──────── Given data ────────

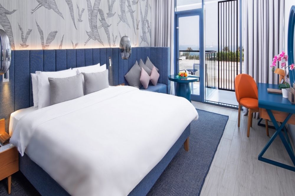 - Делукс стаи с изглед към морето (Deluxe Room Sea View): Също с площ от 53 кв.м., тези стаи предлагат панорамен изглед към Арабско море.
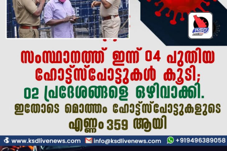 കേരളംകോവിഡ് 19 സംസ്ഥാനത്ത് ഇന്ന് 02 പുതിയ ഹോട്ട്സ്പോട്ടുകള് കൂടി; 04 പ്രദേശങ്ങളെ ഒഴിവാക്കി. ഇതോടെ മൊത്തം ഹോട്ട്സ്പോട്ടുകളുടെ എണ്ണം 359 ആയി.April 4, 2021
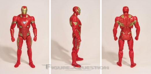 Iron Man is the final figure in the Thanos Series of Marvel Legends, the first Infinity War-themed assortment of the year. He’s also the last of the four specifically movie-based figures in the line-up. And, most importantly, he’s the only figure in the set that isn’t needed to built the Thanos figure, which is why everyone was skipping him. Tony’s wearing his Mark 50 armor from the film, which is also his *only* armor for the film, so I guess it’s a sensible choice, now isn’t it? The figure stands 6 1/2 inches tall and he has 29 points of articulation. His construction is very similar to the Mark 46 figure from the Giant Man series, but there are no actual pieces shared between the two. This guy is an all-new sculpt, which does an okay job of capturing the Bleeding Edge armor’s design from the movie. It’s not a spot-on recreation; it’s definitely not quite as sleek as the design in the movie. There are far more pronounced ridges and connecting points, bringing its overall design closer to the Mark 46. This is likely a symptom of Hasbro working from earlier designs to get the figure out before the movie. Ultimately, it’s close enough that you know which armor it’s supposed to be, and it’s nowhere near as off as either Captain America or Cull Obsidian. Fortunately, it’s got some pretty great proportions, and the articulation is also worked in pretty well. Iron Man’s paintwork is decent and certainly eye-catching, but like the sculpt, it’s not 100% accurate. The main culprit is the red. It should really be a deeper, more metallic color than it is. That being said, the color they’ve used is still nice to look at, so I’m not going to complain too much. What I will complain about? Just the figure’s single greatest failing: his accessories. In the movie, Tony’s using this armor to create all sorts of nano-tech-based weaponry and tools. What does this figure get? An extra set of hands and the same blast effects pieces they’ve been using since the 46. No extra attachments, no unmasked head, no build-a-figure piece. The extra hands don’t even have hinges on the wrists. That’s really weak.

────────

### Task goal
The answer should match the data above word for word, with no pictures in it.

### Result of the task
 - Делукс стаи с изглед към морето (Deluxe Room Sea View): Също с площ от 53 кв.м., тези стаи предлагат панорамен изглед към Арабско море.
 കേരളംകോവിഡ് 19 സംസ്ഥാനത്ത് ഇന്ന് 02 പുതിയ ഹോട്ട്സ്പോട്ടുകള് കൂടി; 04 പ്രദേശങ്ങളെ ഒഴിവാക്കി. ഇതോടെ മൊത്തം ഹോട്ട്സ്പോട്ടുകളുടെ എണ്ണം 359 ആയി.April 4, 2021
 Iron Man is the final figure in the Thanos Series of Marvel Legends, the first Infinity War-themed assortment of the year. He’s also the last of the four specifically movie-based figures in the line-up. And, most importantly, he’s the only figure in the set that isn’t needed to built the Thanos figure, which is why everyone was skipping him. Tony’s wearing his Mark 50 armor from the film, which is also his *only* armor for the film, so I guess it’s a sensible choice, now isn’t it? The figure stands 6 1/2 inches tall and he has 29 points of articulation. His construction is very similar to the Mark 46 figure from the Giant Man series, but there are no actual pieces shared between the two. This guy is an all-new sculpt, which does an okay job of capturing the Bleeding Edge armor’s design from the movie. It’s not a spot-on recreation; it’s definitely not quite as sleek as the design in the movie. There are far more pronounced ridges and connecting points, bringing its overall design closer to the Mark 46. This is likely a symptom of Hasbro working from earlier designs to get the figure out before the movie. Ultimately, it’s close enough that you know which armor it’s supposed to be, and it’s nowhere near as off as either Captain America or Cull Obsidian. Fortunately, it’s got some pretty great proportions, and the articulation is also worked in pretty well. Iron Man’s paintwork is decent and certainly eye-catching, but like the sculpt, it’s not 100% accurate. The main culprit is the red. It should really be a deeper, more metallic color than it is. That being said, the color they’ve used is still nice to look at, so I’m not going to complain too much. What I will complain about? Just the figure’s single greatest failing: his accessories. In the movie, Tony’s using this armor to create all sorts of nano-tech-based weaponry and tools. What does this figure get? An extra set of hands and the same blast effects pieces they’ve been using since the 46. No extra attachments, no unmasked head, no build-a-figure piece. The extra hands don’t even have hinges on the wrists. That’s really weak.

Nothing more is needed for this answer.